ENTRIES PROVIDED: Begin

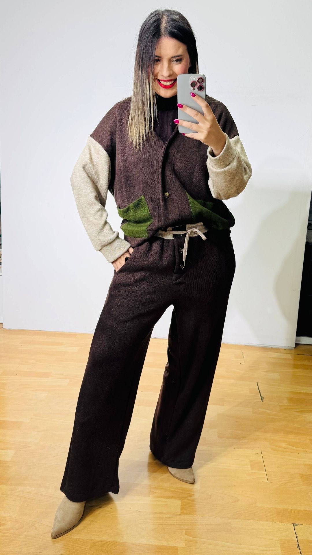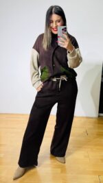 Σετ Πλεκτό -Αποτελείται από παντελόνα με λάστιχο στην μέση, ρυθμιζόμενο κορδονάκι στην μέση και πλαινές τσέπες & Ζακέτα που κλεινει με κουμπιά, διαθέτει τσέπες.
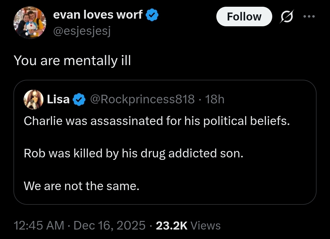 Trump's Rob Reiner comments were dispicable and an embarrassment to the office of the President.What a sick and deranged "man" he is.
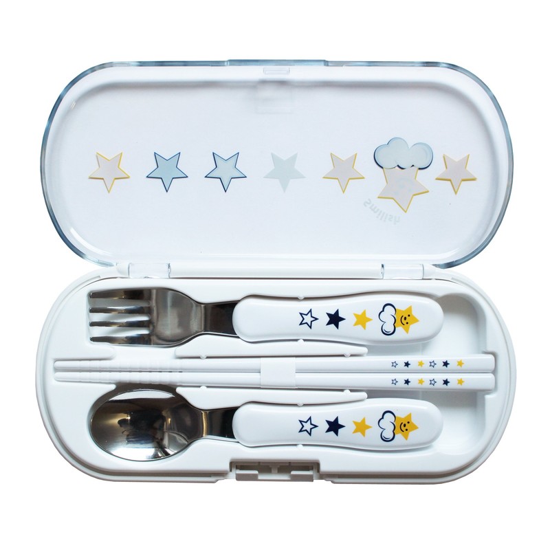 Lunch Trio Set (Chopsticks, Spoon, Fork with your name seal) sumairi-suta- Pattern Made in Japan
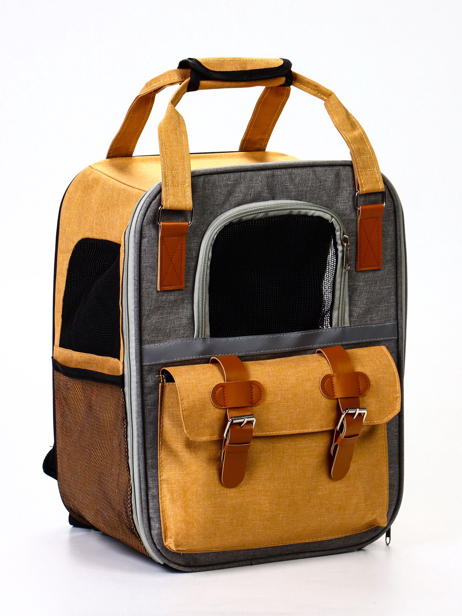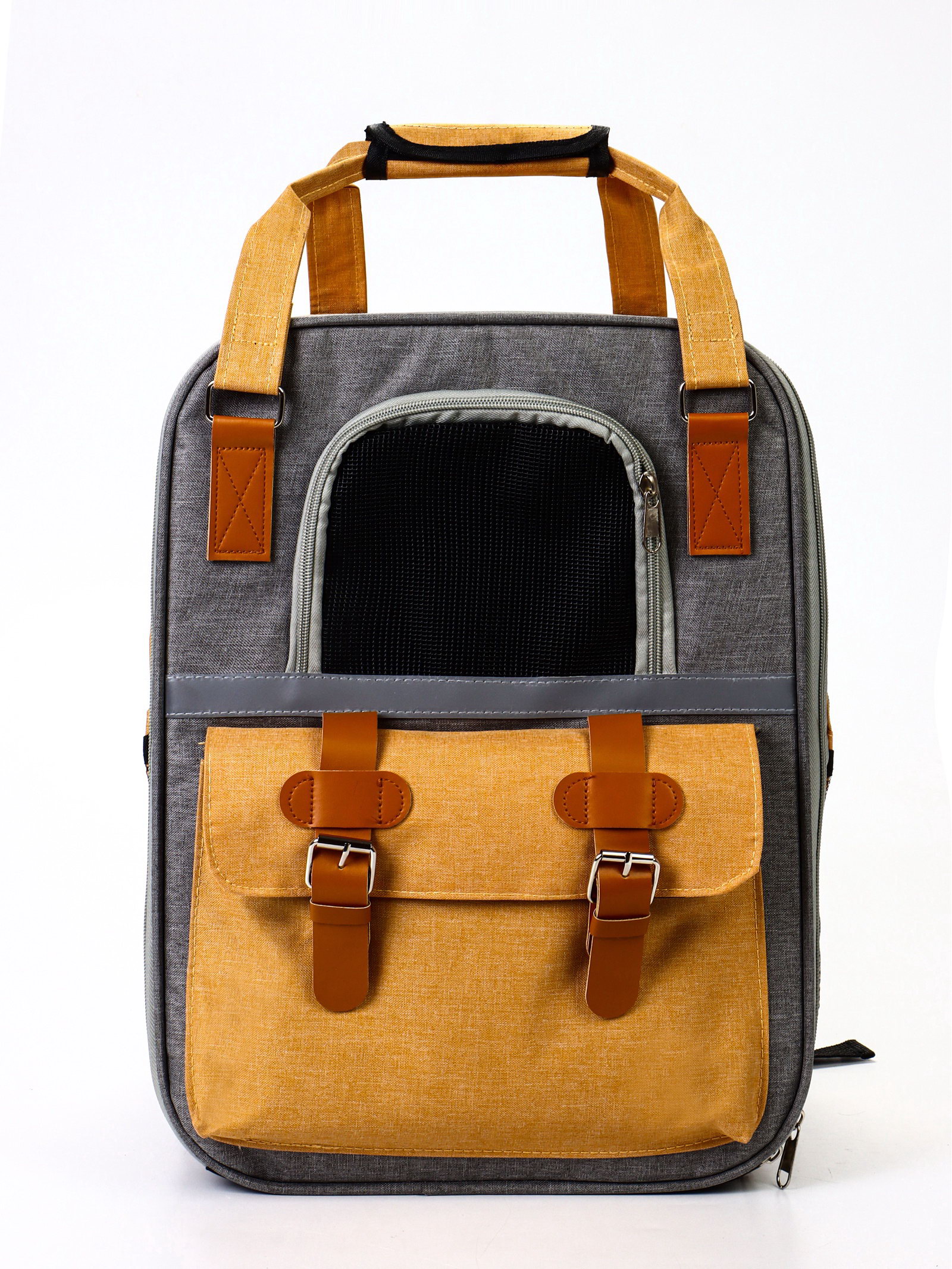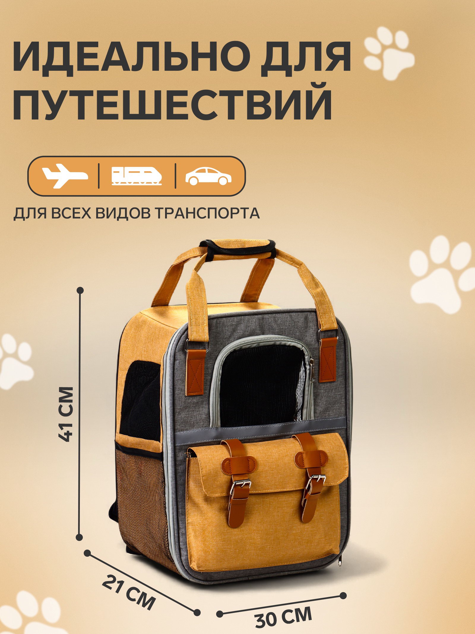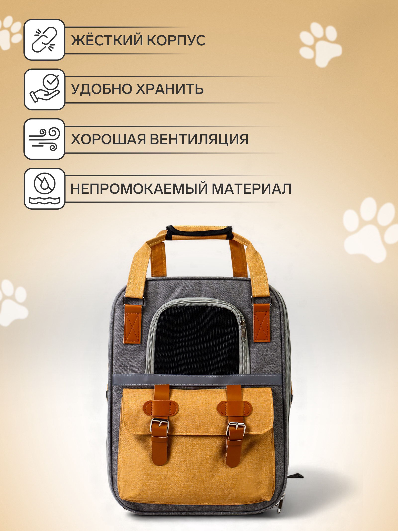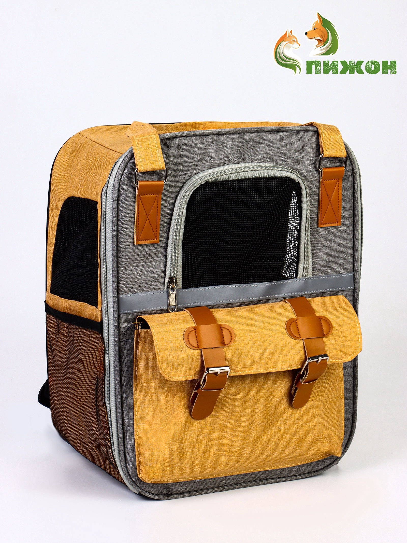Рюкзак-переноска для кошек и собак, 30x21x41 см, серый, жёлтый, Пижон, Китай
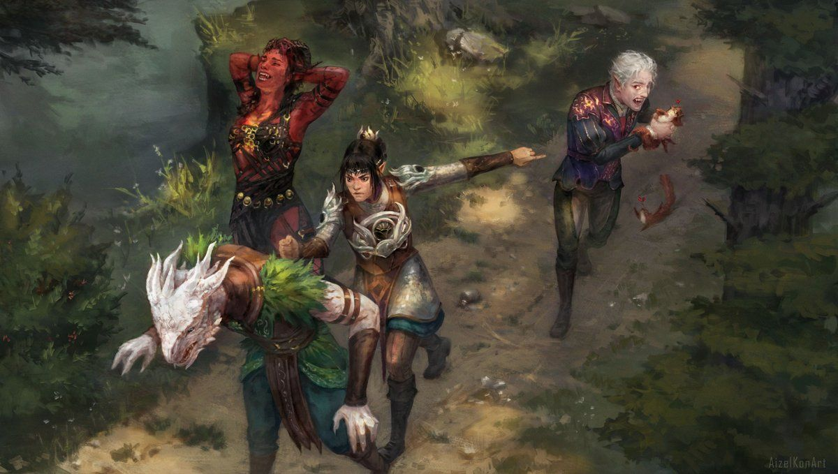 Мой очередной отряд по спасению калитки вот он, слева направо: Зенит Феурсел - Бард мечей(Временная замена Джахейры) Карлах - Барб-дру Керз - Барб-файтер Астарион - Монк тени
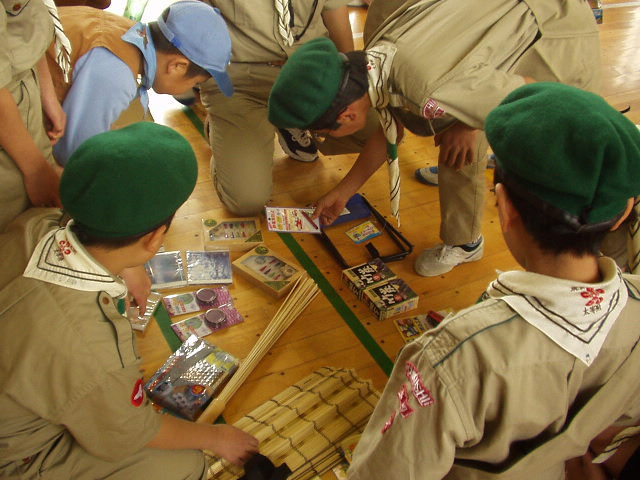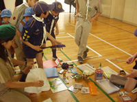 ビーバー、カブ、ボーイ、保護者が4つのチームに分かれて
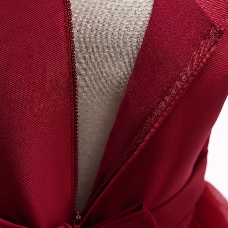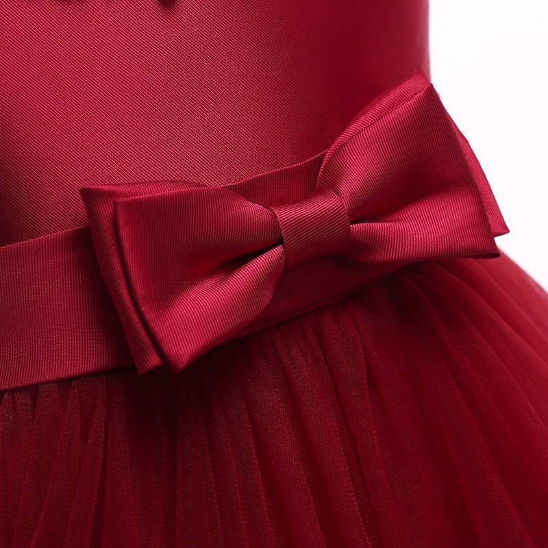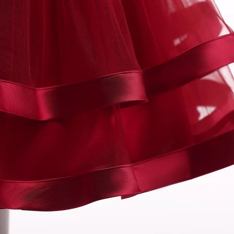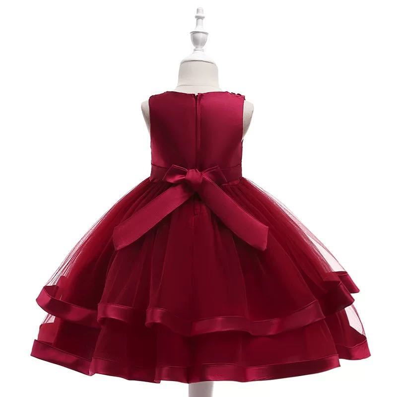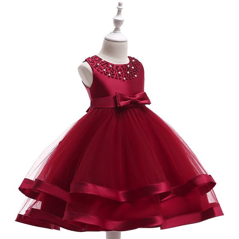 流行カラーのワインレッドキッズフォーマルドレスです。
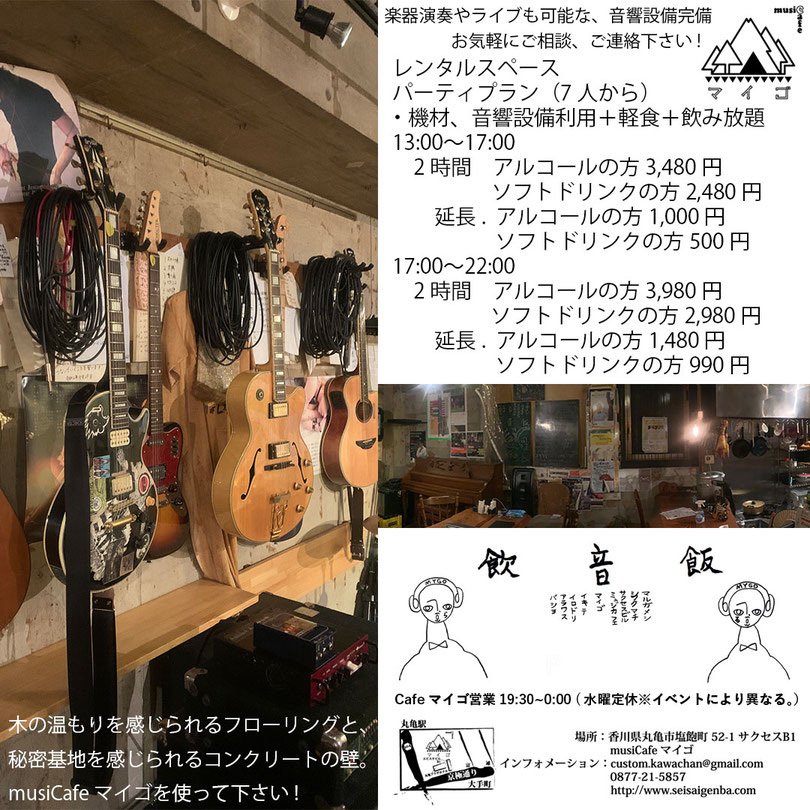 musiCafeマイゴでは、音響設備付きの【貸切プラン】をご用意しています。
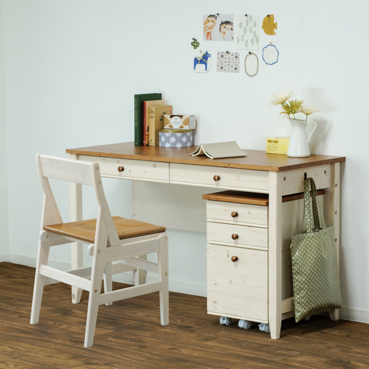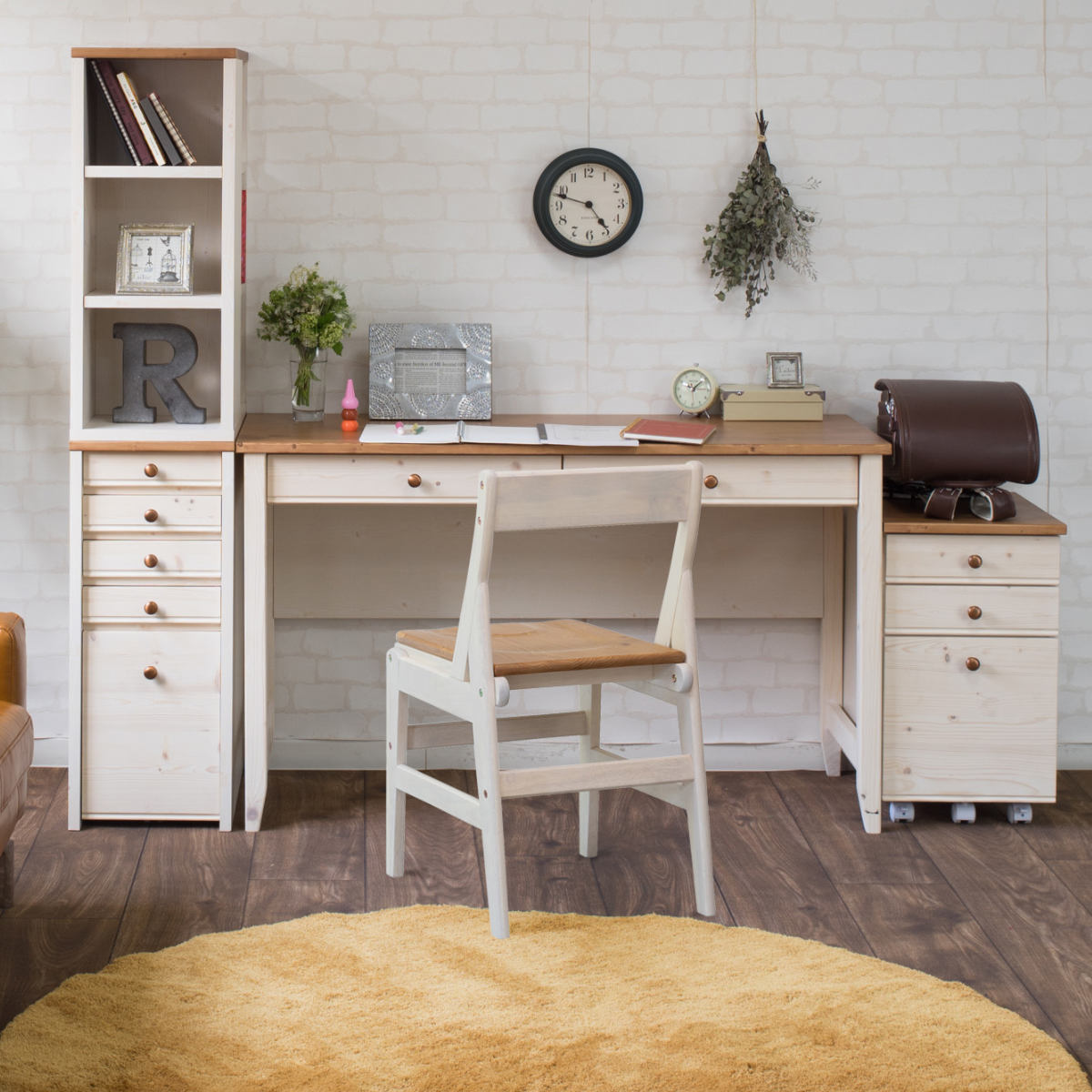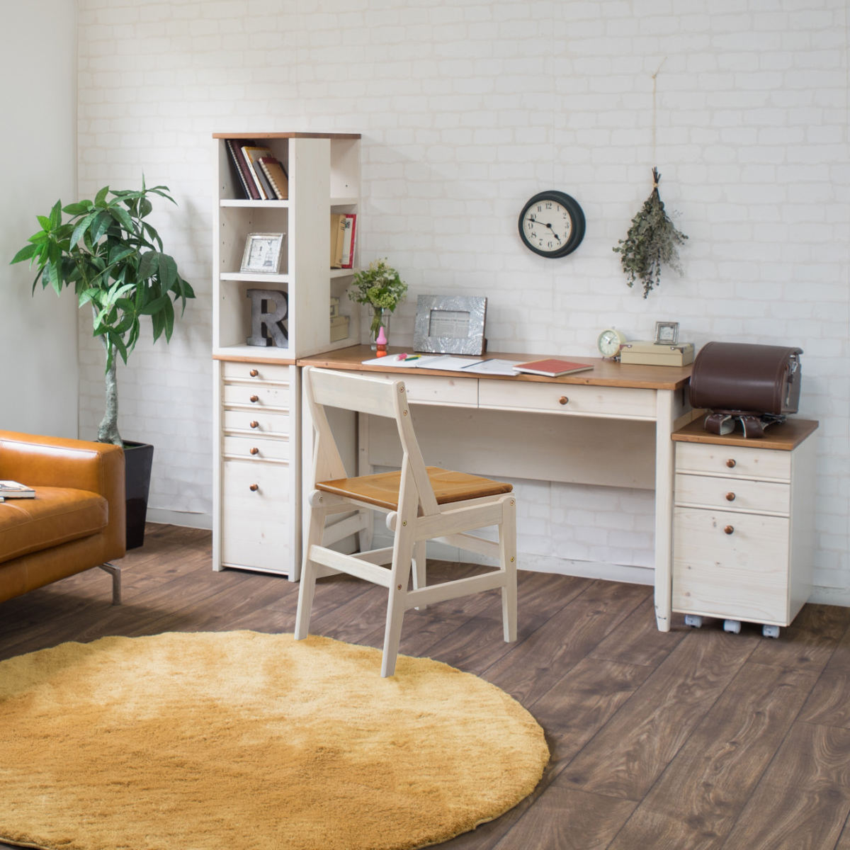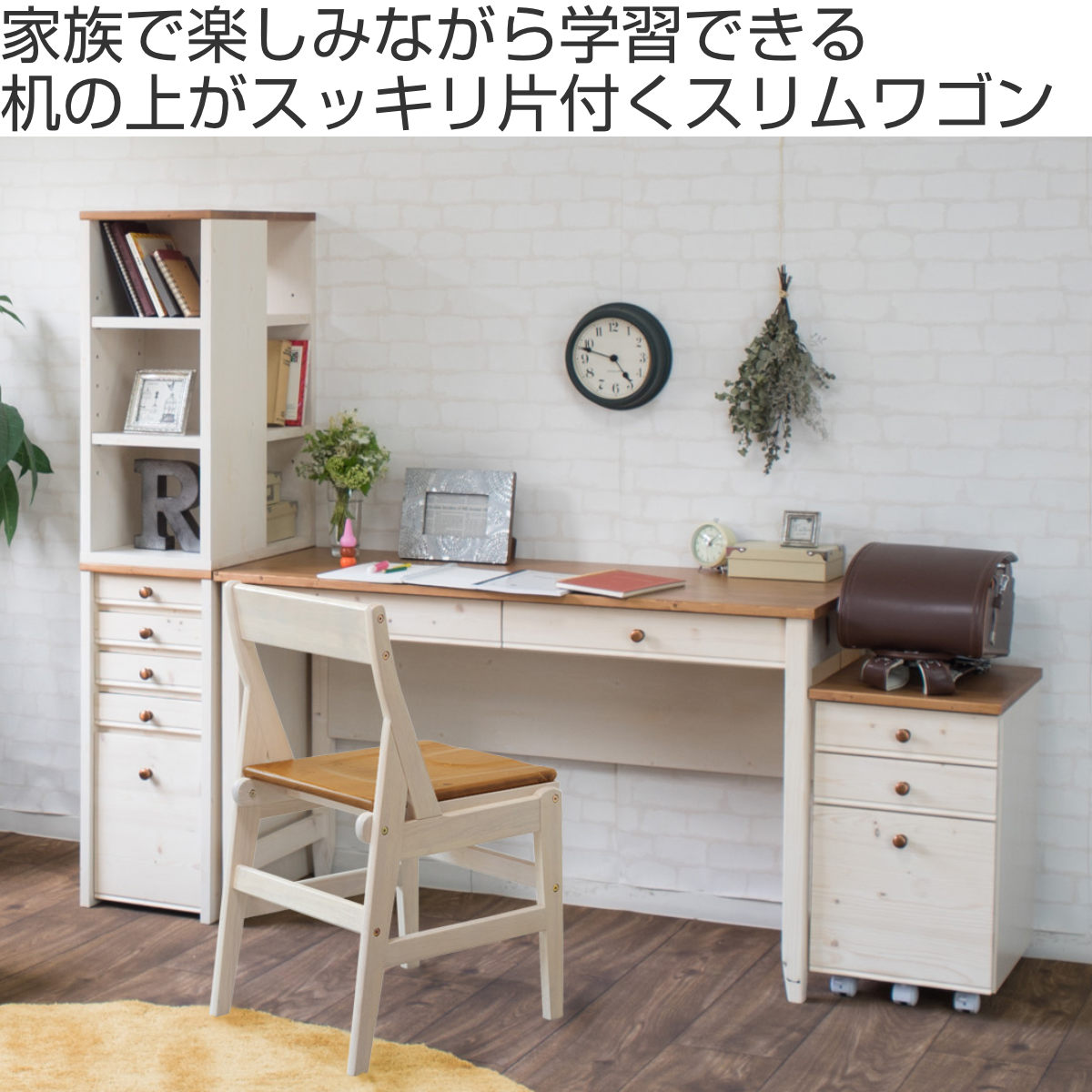 机の上がスッキリと片付けられる、やさしい風合いのカントリー調のスリムワゴンです。奥行きがコンパクトなので、リビングにも置きやすいサイズです。家族で一緒に楽しみながら学習することでやる気がアップします。

ENTRIES PROVIDED: End

__WHAT THE EXERCISE ASKS__.
Copy out, with no pictures, the lines from the one containing "流行カラーのワインレッドキッズフォーマルドレスです。" through the last line of the data above, both ends included and each word unchanged.

__ANSWER FOR THIS EXERCISE__.
 流行カラーのワインレッドキッズフォーマルドレスです。
 musiCafeマイゴでは、音響設備付きの【貸切プラン】をご用意しています。
 机の上がスッキリと片付けられる、やさしい風合いのカントリー調のスリムワゴンです。奥行きがコンパクトなので、リビングにも置きやすいサイズです。家族で一緒に楽しみながら学習することでやる気がアップします。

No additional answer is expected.